The initial sequencing of the human genome led to an avalanche of progress and data. Cancer, as a disease driven by mutations, continues to be the focus of genomic efforts. Early technology was limited to the identification of sequence changes, such as point mutations, in cancer cells. However, two types of changes were not seen by simple sequencing: copy number variations and gene rearrangements, both of which require specialized techniques to observe. Such analyses brought many surprises, such as the finding that gene rearrangements—previously well-described in only a handful of cancers, such as chronic myelogenous leukemia or Ewing sarcoma—are present, often in large numbers, in most solid tumor specimens.

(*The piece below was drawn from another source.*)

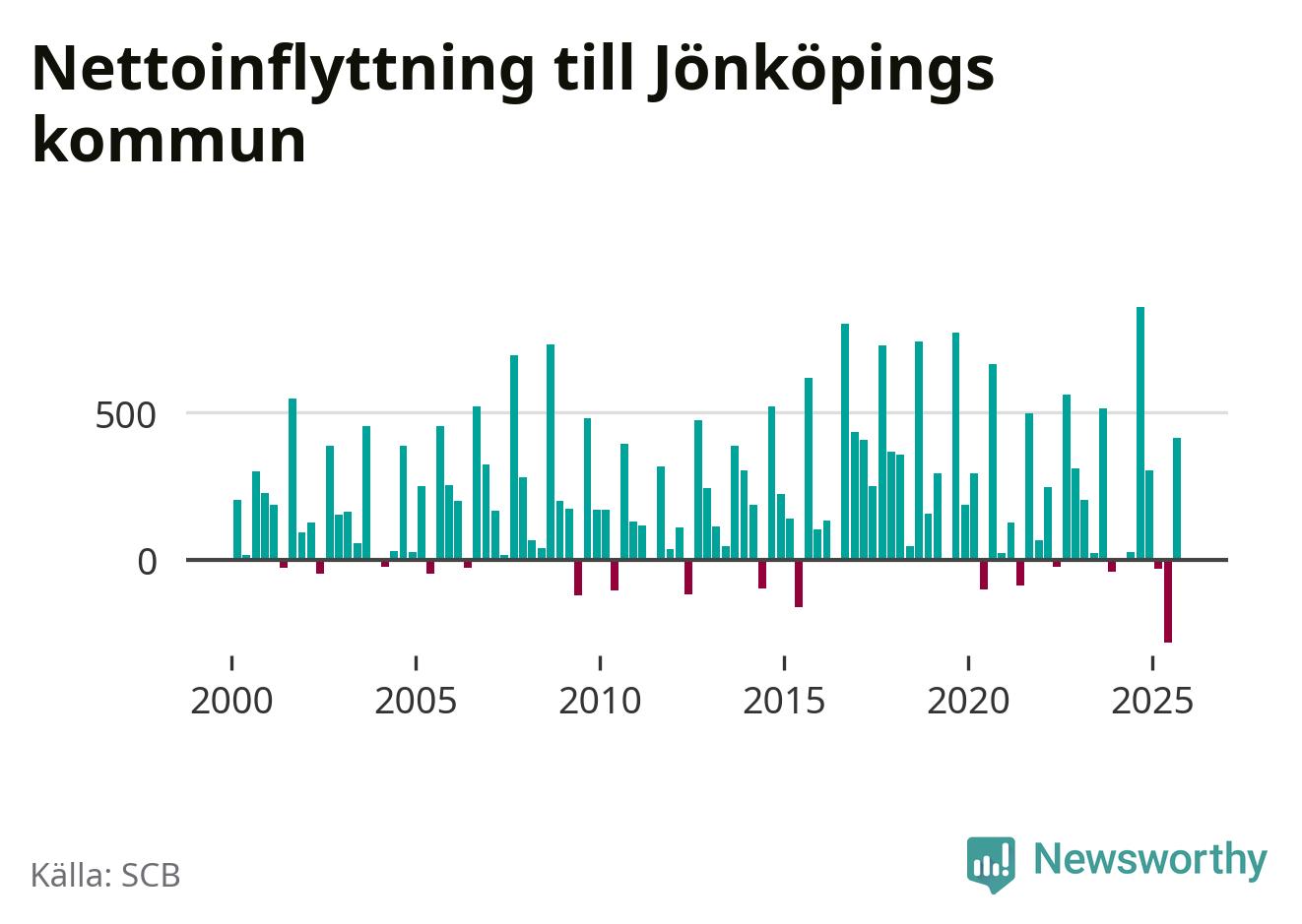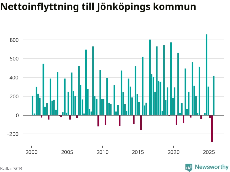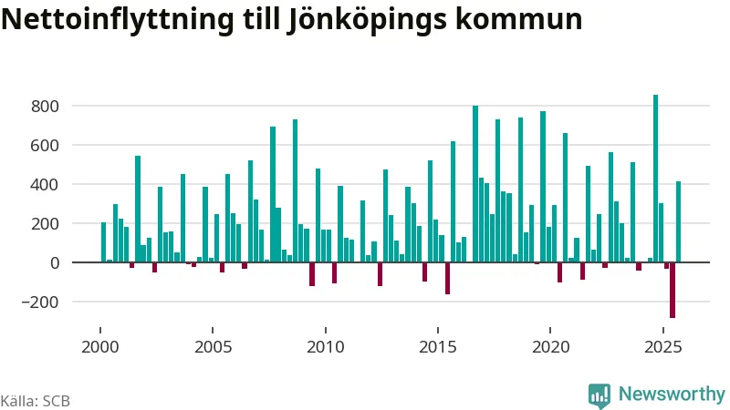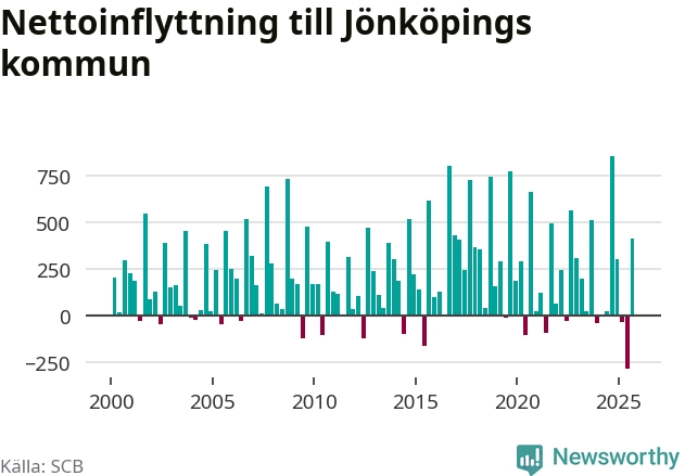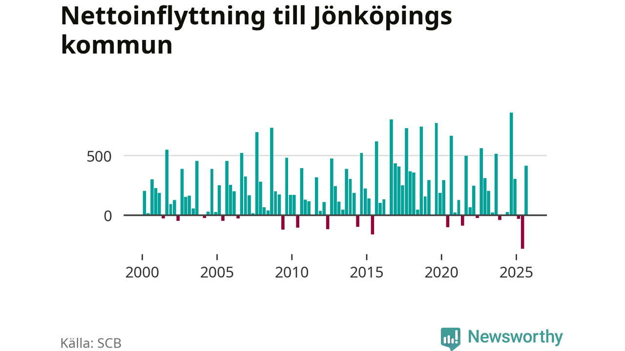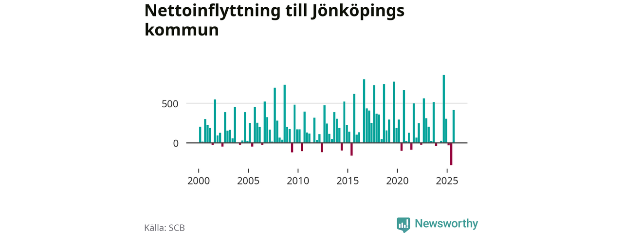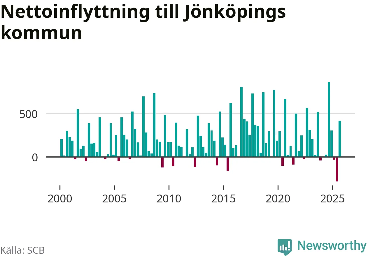 Under tredje kvartalet 2025 flyttade 2 825 personer till kommunen medan 2 411 personer flyttade därifrån. Det är historiskt sett en stor inflyttning under ett kvartal – men samtidigt var utflyttningen den största hittills. Sedan seklets början har Jönköpings kommun oftast haft ett positivt flyttnetto, inklusive det senaste kvartalet.

Another surprise is the subject of a recent study published by Campbell and colleagues. They found that in about 2 to 3% of cancers, and up to 25% of osteosarcomas, the gene rearrangements and copy number variants are confined to one region of a single chromosome. Detailed analysis of such regions suggests that they arise through a single catastrophic event, during which the chromosome region is shattered into small fragments that are stitched back together in the wrong order by the cell’s repair machinery. The authors name this phenomenon "chromothripsis" (Greek for “chromosome shattering”). Although usually such an event would lead to apoptosis, rare cells that survive may go on to form tumors. The authors demonstrate that in some cases, oncogenes may be turned on, and tumor suppressors inactivated, through a single chromothripsis event rather than through a sequential multi-step process that has become the dogma of cancer biology.

The cause of such an event remains unknown, but the authors propose two provocative models. According to one, a single “hit” by a pulse of ionizing radiation when the chromosomes are condensed for mitosis might lead to localized fragmentation. Another model suggests a role for telomere attrition. The findings demonstrate again that cancer is a skilled enemy, but give us hope that understanding the anatomy of its abnormal genome will enable us to overpower this deadly disease.

P. J. Stephens et al., Massive genomic rearrangement acquired in a single catastrophic event during cancer development. Cell 144, 27–40 (2011). [Full Text]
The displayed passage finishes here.